■ **Problem statement**: Copy out all of the lines below exactly; the pictures do not belong in the copy.

■ **Data shown**:
■ ■ ■ ■

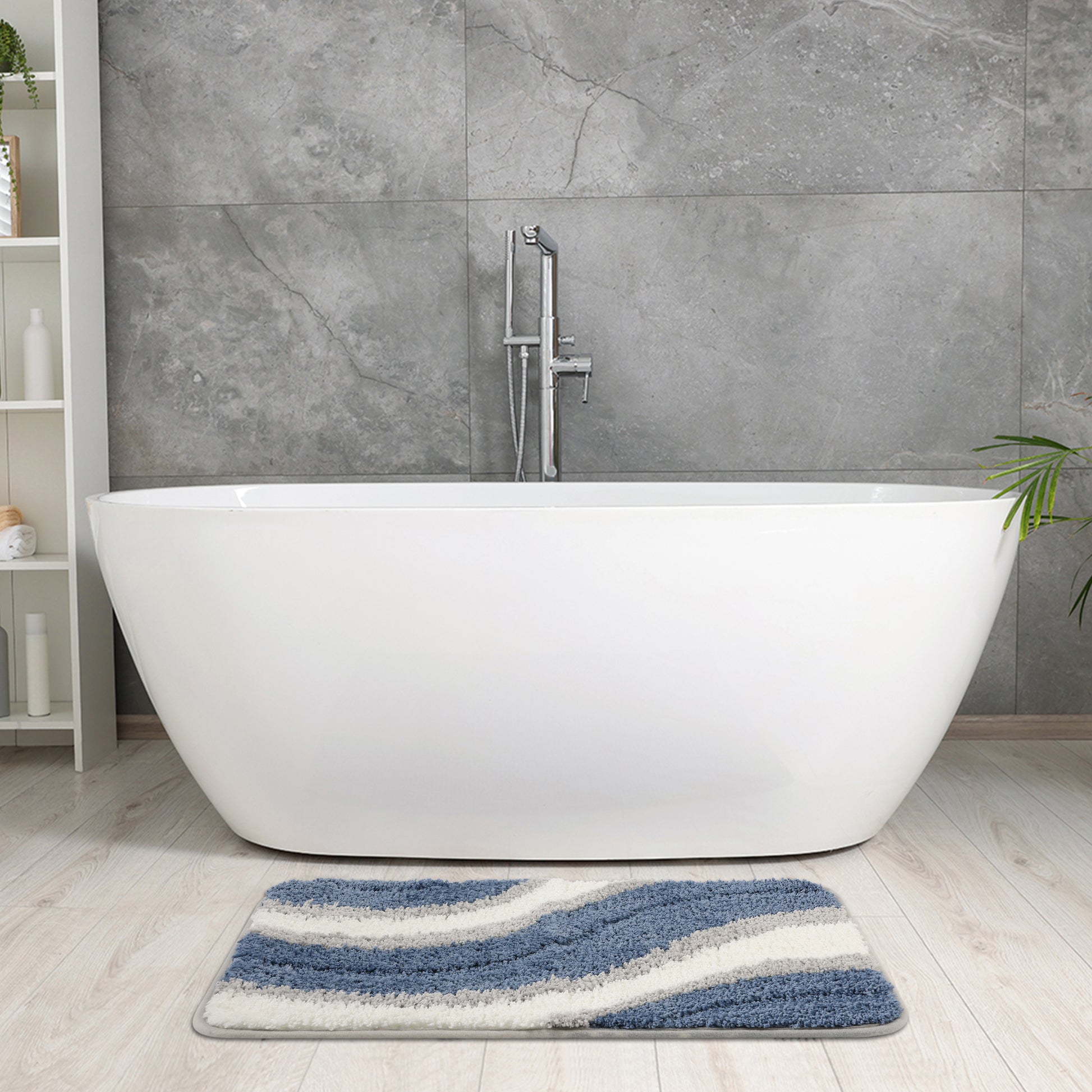 Wavy Stripes Bathroom Rug Mat, Absorbent Bath Rug, Non-Slip Bath Mats for Bathroom Floor
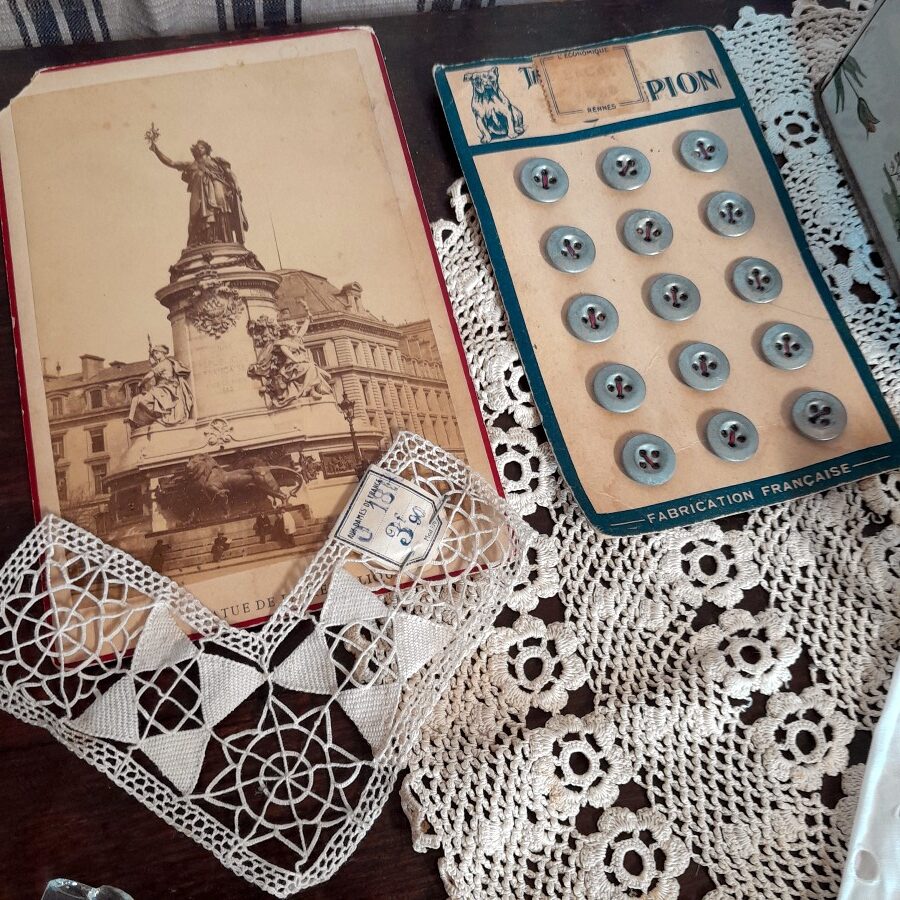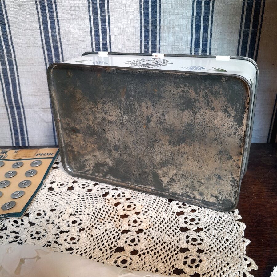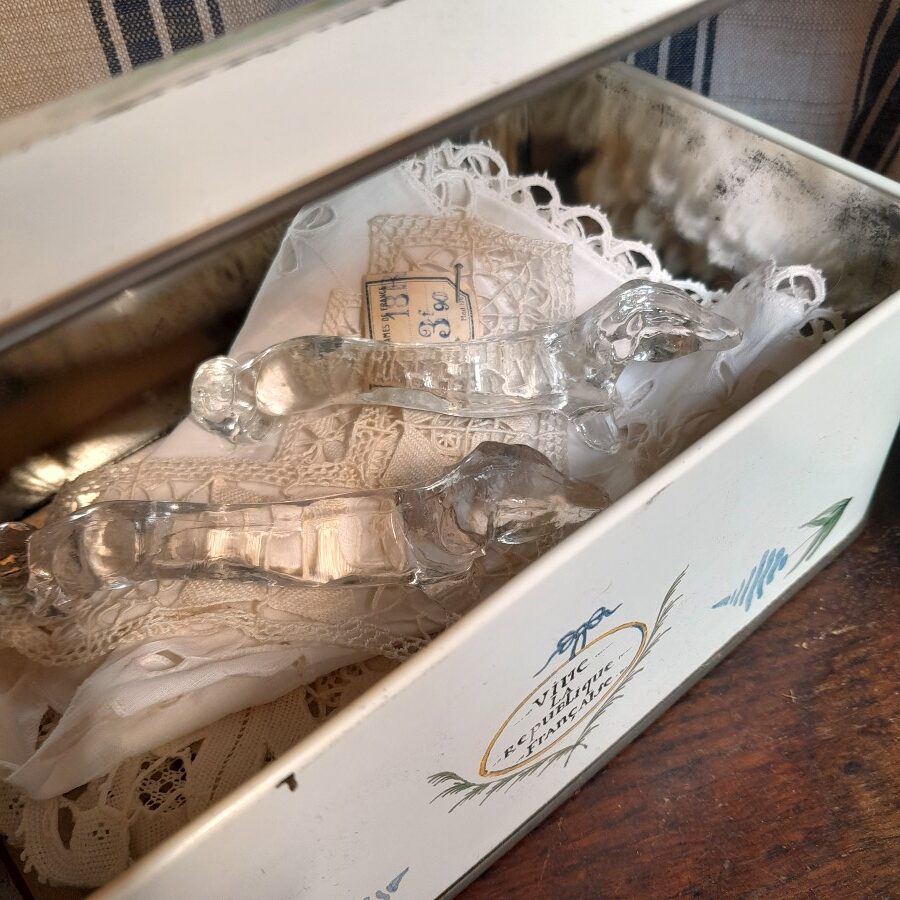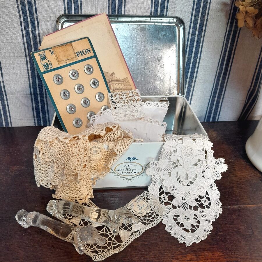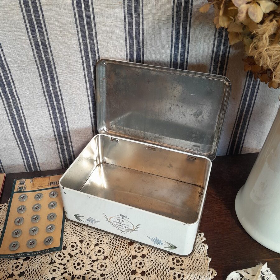 缶はフランス中央部 Nevers の陶器メーカーのものと思われるデザインで、手描きのイラストと自然な淡い色遣いがクラシカルな印象です。ふたの開閉は比較的スムーズで、置いた時に少しカタカタします。セットの内容は写真を参照ください。以前もしくは現時点でサイトにてご紹介しているお品も含まれています。
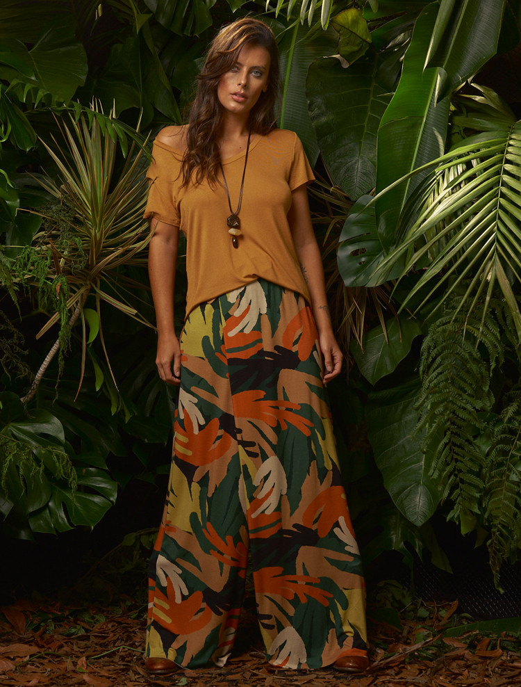 Detalhes do ProdutoMaxi prega frontalElástico na cinturaEstampa ExclusivaComposição96% Viscose04% ElastanoMedidas da PeçaU – CALÇAS - Comprimento 105 cm | Quadril até 117 cm | Cintura até 100 cm

■ ■ ■ ■

■ **Result**:
 Wavy Stripes Bathroom Rug Mat, Absorbent Bath Rug, Non-Slip Bath Mats for Bathroom Floor
 缶はフランス中央部 Nevers の陶器メーカーのものと思われるデザインで、手描きのイラストと自然な淡い色遣いがクラシカルな印象です。ふたの開閉は比較的スムーズで、置いた時に少しカタカタします。セットの内容は写真を参照ください。以前もしくは現時点でサイトにてご紹介しているお品も含まれています。
 Detalhes do ProdutoMaxi prega frontalElástico na cinturaEstampa ExclusivaComposição96% Viscose04% ElastanoMedidas da PeçaU – CALÇAS - Comprimento 105 cm | Quadril até 117 cm | Cintura até 100 cm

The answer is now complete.